Lawyers are still unable to reach the parents of 611 children who had been split from their families by US border officials between 2017 and 2018, according to a Wednesday court filing.

In 2018, the Trump administration announced the so-called "zero tolerance" policy, in which the Justice Department criminally prosecuted every adult accused of illegally crossing the border. Doing so resulted in the separation of families, including those with infants, some only a few months old, because children can't be kept in federal jail with their parents.

This week, Trump visited his signature border wall on the US-Mexico border, bookending his administration's focus on immigration.
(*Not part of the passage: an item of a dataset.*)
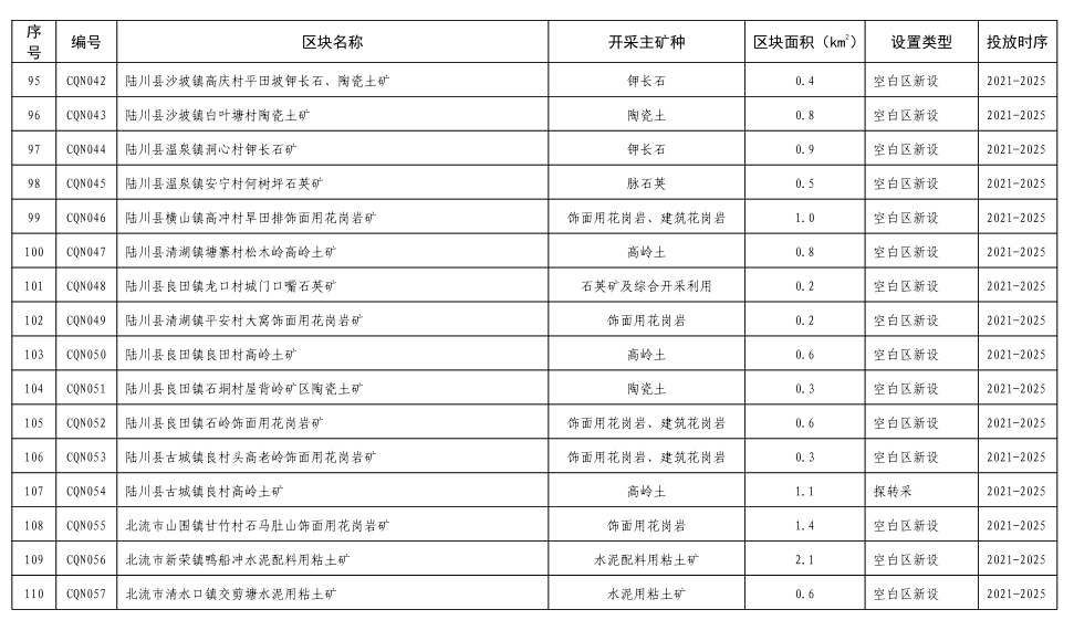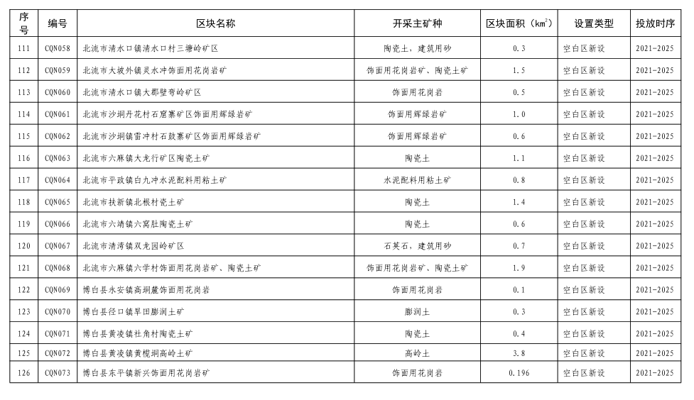 根据开采规划区块设置原则,玉林市本级共划分了砂石土开采规划区块113个,其中已设采矿权保留区块32个,新设砂石土开采规划区块81个,均位于集中开采区外,涉及的矿种主要为建筑用花岗岩、饰面用花岗岩、高岭土、陶瓷土、水泥配料用粘土、石英、泥岩等,各主要矿种的开采规划区块设置数量详见表3-1。

During a brief speech near the wall, Trump listed off a series of those policies, citing them as accomplishments and calling them "historic." He did not mention family separation.
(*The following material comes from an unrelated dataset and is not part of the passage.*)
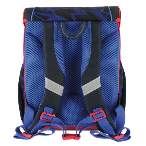 Eigengewicht unter 900g; ergonomisch geformte Rückenpolster; verstellbare Schultergurte; höhenverstellbarer Brustgurt; angenehme Passform; Orafol Reflexmaterialien; Klickschloss mit Reflektor; geräumiges Innenfach mit separatem Bücherfach; 1 Fronttasche; 2 Seitentaschen mit Gummizug; stabile Bodenplatte; Befüllteile: Sportbeutel; unbefülltes Schüleretui mit 2 Klappen ; Faulenzer oval; Maße: 37x31x22cm; Gewicht: unter 1kg; Volumen: ca. 17l; Material: Polyester.

But "zero tolerance" policy has come to encapsulate the lengths the Trump administration is willing to go to in order to deter migrants from coming to the US, regardless of their circumstances, and the disarray that ensues when agencies are unprepared.

One draft talking point prepared for Sessions ahead of a May 2018 White House meeting read: "An illegal alien should not get a free pass just because he or she crosses the border illegally with a child." The talking points also cited an initiative that led to the separation of approximately 280 families, saying that it "worked," even though it had generated concerns from prosecutors, judges and officials.

More than 5,000 families had already been separated at the US-Mexico border between 2017, when a pilot initiative kicked off, and 2018, when the policy was announced, according to the American Civil Liberties Union.

This story is breaking and will be updated.